** Opening Given data block **

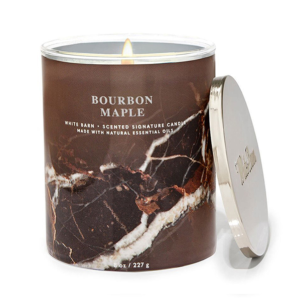 Nến Sáp Thơm Phòng Bourbon Maple cao cấp - Bath & Body Works hương thơm gây nghiện, hấp dẫn từ rượu bourbon ủ trong thùng, hổ phách có đường và gỗ phong.
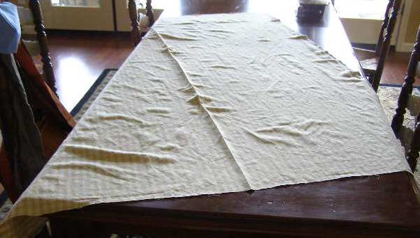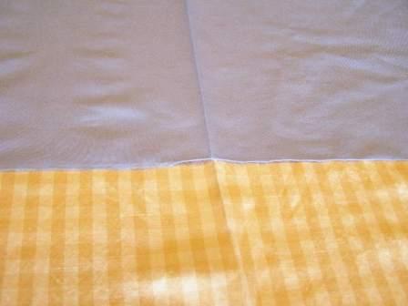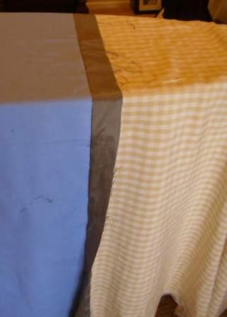The fabric used here was a 55″ wide tablecloth check (1/2″ wide) in a medium weight polyester. The beige on white check has limited contrast – which will not show through most fabrics.
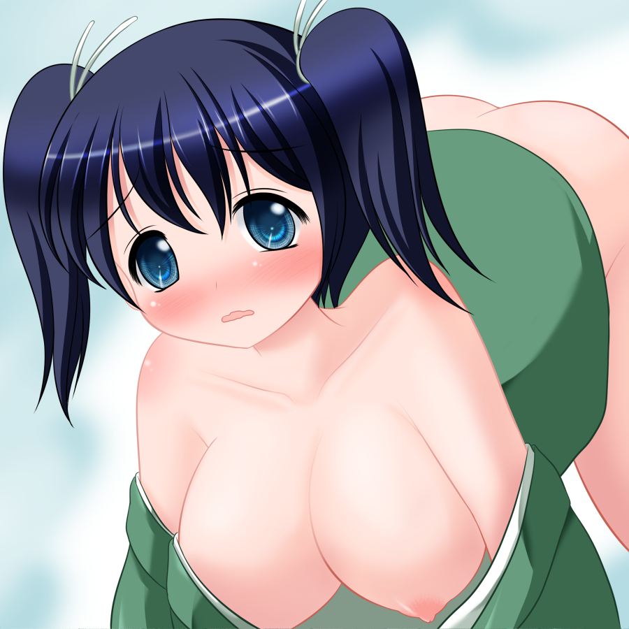 blue eyesblue hairblushbottomlessbreastsfemaleFlag for Deletionhair ribbonlarge breastslooking at vieweroff shoulderopen mouthpersonificationribbonsolotied hairtwintails

** Closing Given data block **

Goal of the exercise: Please repeat, exactly as written, only the lines from the line with "The fabric used" to the end of the data, leaving out every picture.

Response area:
The fabric used here was a 55″ wide tablecloth check (1/2″ wide) in a medium weight polyester. The beige on white check has limited contrast – which will not show through most fabrics.
 blue eyesblue hairblushbottomlessbreastsfemaleFlag for Deletionhair ribbonlarge breastslooking at vieweroff shoulderopen mouthpersonificationribbonsolotied hairtwintails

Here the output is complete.